Now Divey is the language of the Maldives so the Maldive islands in the Indian Ocean I'm sure a lot of you probably know them but they're very beautiful islands incredibly amazing weather and generally I would not usually think of the Maldives and NLP in the same context but there are a lot of people that do and in particular there is a guy called Ashraq or Ismail Ashraq and we've been speaking a lot about NLP and through that I've been made aware of how difficult it is to actually build models for languages where there is not much attention out there already.

So what we decided to do is kind of team up and try and put together some transform models for the Divey language and the first step to that is obviously the tokenizer. You need tokenizer before you build anything else so there are a few hurdles that we can overcome when we're building these models so there are already there are zero well not zero there are some pre-trained models for Divey but they're not necessarily that useful for what we want to apply them to and you may think okay there's those multilingual models with hundreds of languages included now from at least what I've seen all of them miss Divey.

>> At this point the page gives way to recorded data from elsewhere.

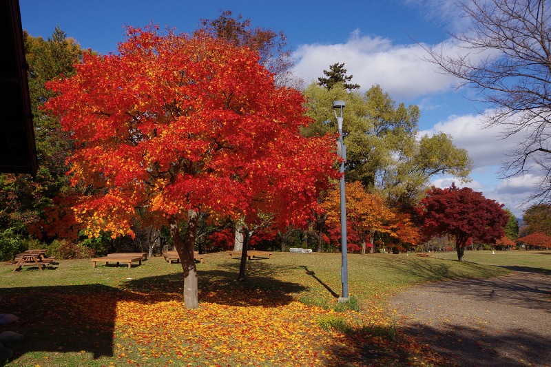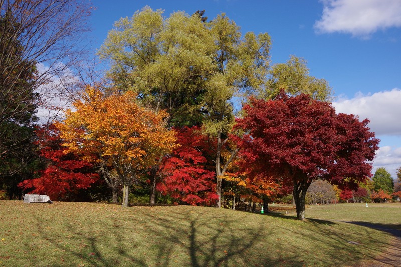 水辺の休憩所と段々原っぱの間にあるモミジの林。黄色やオレンジ、赤や濃赤色などカラフルに色付いています。これだけまとまると、とても綺麗ですね。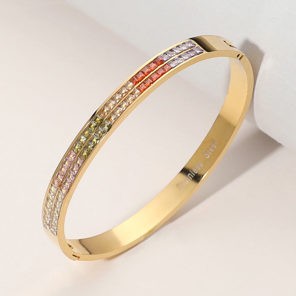 Details • Size : 0.25" H, 2.3" D • Hinged Closure • Sleek stainless steel bangle bracelet featuring a double row of square-cut crystals. A refined, modern accessory perfect for stacking or wearing solo. Durable and stylish for everyday wear. • Stainless Steel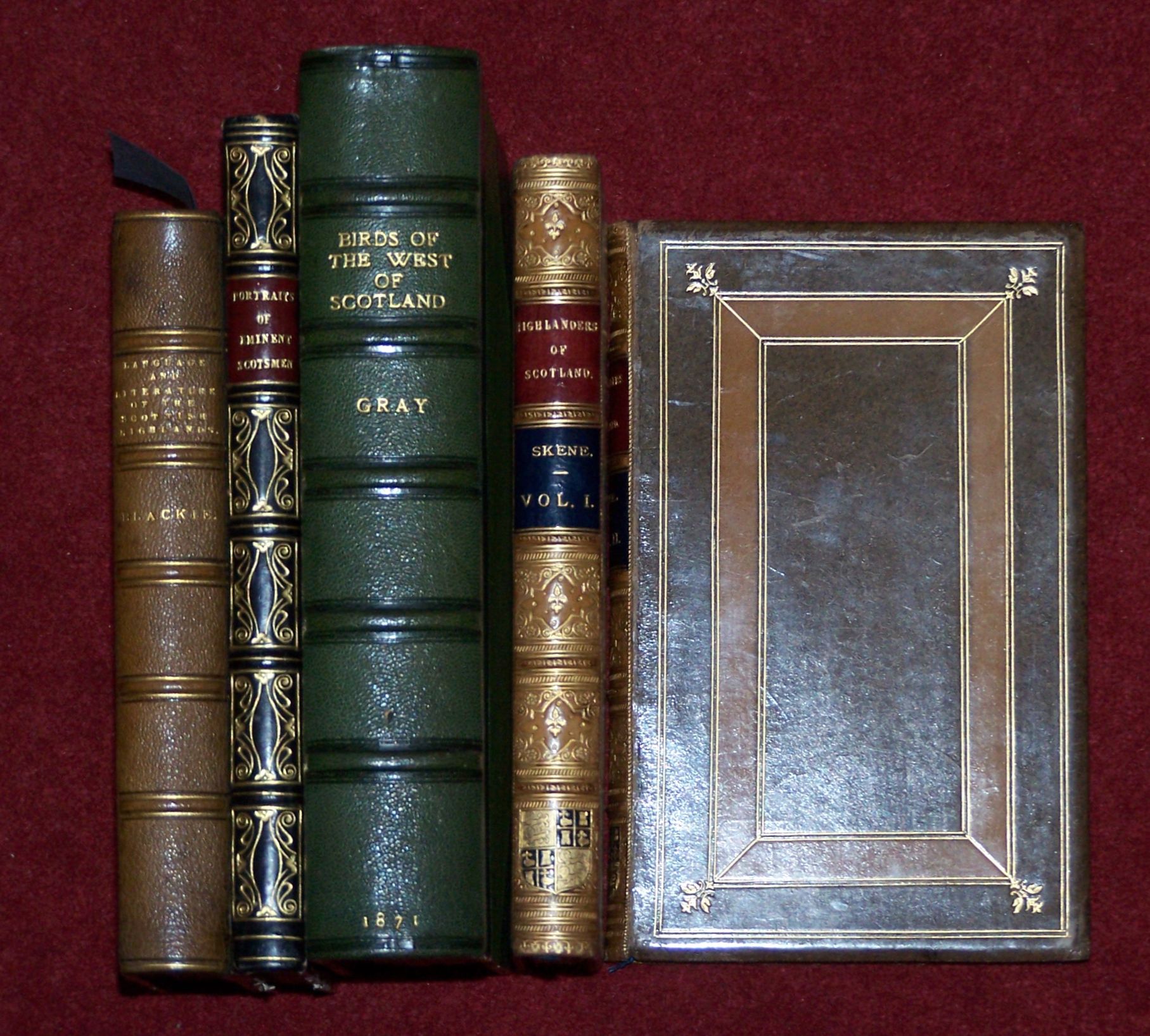The highlanders of Scotland. London: J. Murray, 1837. First edition, 2 volumes, 8vo, contemporary panelled calf gilt, spine gilt with arms of William L MacBrayne at foot, t.e.g., others uncut, bookplates of W.L. MacBrayne; Gray, Robert The birds of the west of Scotland. Glasgow: T. Murray, 1871. First edition, 8vo, 15 plates, green half morocco, t.e.g., plates lightly spotted; Portraits of eminent Scotsmen. 8vo, 44 engraved plates, no text, contemporary half calf gilt; Blackie, J.S. The language and literature of the Scottish highlands. Edinburgh: Edmonston & Douglas, 1876. 8vo, green half morocco, spine faded (5)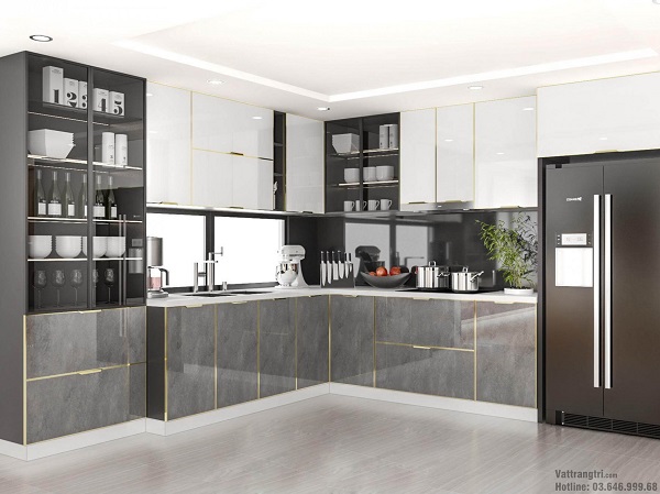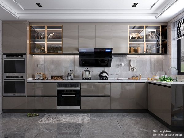 Kích thước tủ bếp chữ L cánh kính tiêu chuẩn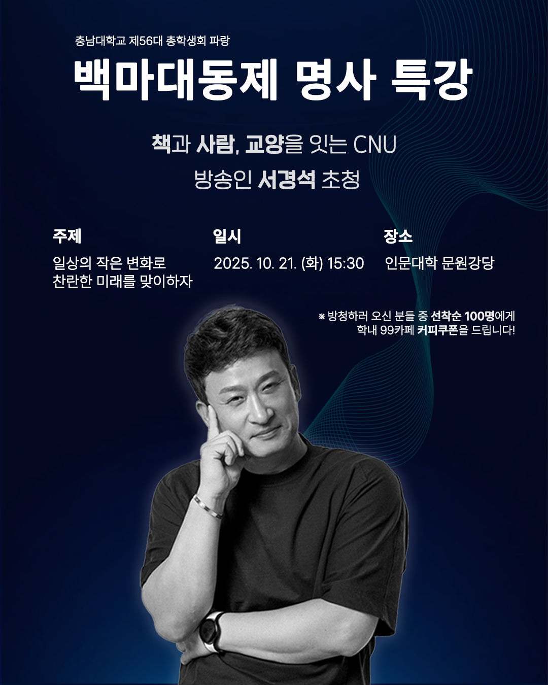 환상으로 물드는 열여덟 번째 물결 학우 여러분, 안녕하십니까. 충남대학교 제56대 파랑 총학생회입니다.<2025 백마대동제 ACCESSIO:환상> 대동제 명사 특강 안내드립니다. 학우 여러분의 많은 관심과 참여 부탁드립니다. 명사 - 방송인 서경석 주제 - 일상의 작은 변화로 찬란한 미래를 맞이하자 일시 - 2025년 10월 21일(화) 15:30 장소 - 인문대학 문원강당 자세한 내용은 카드뉴스를 참고하여 주시기 바라며, 이외 궁금하신 사항은 DM이나 카카오톡 플러스 친구로 문의 바랍니다.

Another thing that is difficult with Divey and other low resource languages is actually finding text data. Now labeled data is practically impossible for a lot of these languages but unlabeled unstructured data maybe that's a bit more reasonable you can use a web scraper and scrape loads of text from whichever language you are using the websites in that language on the internet and that is what Ashraq has done to get the data set I'm using today.

And as well as that another really difficult thing is that Divey uses a very unique writing system that is known as Fana and Fana looks really cool and is definitely very unique and beautiful but it's not really very well supported even by those multilingual language models you can see here it looks really cool you're also going from right to left which is quite interesting everything's also in the same case there's no uppercase or lowercase which is again quite interesting I think so there's a lot of unique properties with this language that we need to deal with and from what I've seen there are no current tokenizers which actually support these characters so we really do need a tokenizer.

First step is getting data so like I said before Ashraq went and did the hard part and took or scraped a load of Divey text from the Divey Internet and he managed to put together 16 or more than 16 million samples of Divey paragraphs and sentences. Now obviously there are going to be little things in there that we maybe don't want but for the most part it's actually very good.

So step number one is downloading the Divey corpus from Ashraq and you can see here so it's hosted over here on Hugging Face so we can use the datasets library to go ahead and actually get that data which is pretty useful so we just do pip install if you don't have it already, datasets.

Okay now once that's installed we can go ahead and we just write this so we are going to Ashraq's Divey corpus and we are taking the train data split from that corpus. Now it's fairly big like I said it's more than 16 million samples so what you can do if you don't want to load it all at once you can set streaming equals true and what that will do is create an iterable object which you can see down here and that means we can form a for loop and iterate through the data one sample at time and not download the full thing in one go we just download each sample as we look through the whole list.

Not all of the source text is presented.